EXTRACT FROM SAMUEL CURWEN' S JOURNAL, EXETER, ENGLAND, DECEMBER 18, 1776.

By a Mr˙ Lloyd, of the Twentieth Regiment, just arrived in the Lord Howe frigate from Quebeck, and who was on the lake with Burgoyne and Carleton, a report is brought that a merchantman met the Active frigate at sea, and learned that General Washington had abandoned the lines at Kingsbridge, left his cannon and stores, and that his Army is mouldered away; that New-York, New-Jersey, Pennsylvania, and Maryland, have deserted the Union, and declared for Government; speaks of the "Yankees," as he is pleased to call them, in the most contemptuous terms, as cowards, poltroons, cruel, and possessing every bad quality the depraved heart can be cursed with; and says the Regulars at Trois-Rivieres took five hundred prisoners, killed one hundred, and lost only three men, who were killed by Yankees, who had got upon trees and fired down on them.

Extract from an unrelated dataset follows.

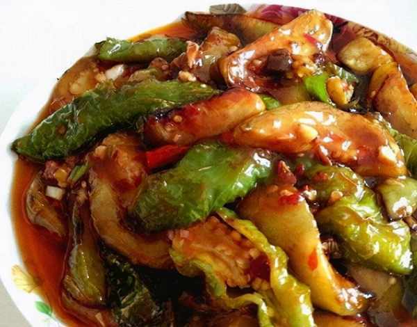 食材:長茄子、青辣椒、西紅柿、香蔥、大蒜、薑、鹽、淀粉、白糖

It is my earnest wish the despised Americans may convince these conceited Islanders, that without regular standing armies our Continent can furnish brave soldiers and judicious and expert commanders, by some knock-down, irrefragable argument; for then, and not till then, may we expect generous or fair treatment. It piques my pride, I confess, to hear us called "our Colonies, our Plantations," in such terms and with such airs as if our property and persons were absolutely theirs, like the "villains" and their cottages in the old feudal system; so long since abolished, though the spirit or leaven is not totally gone, it seems.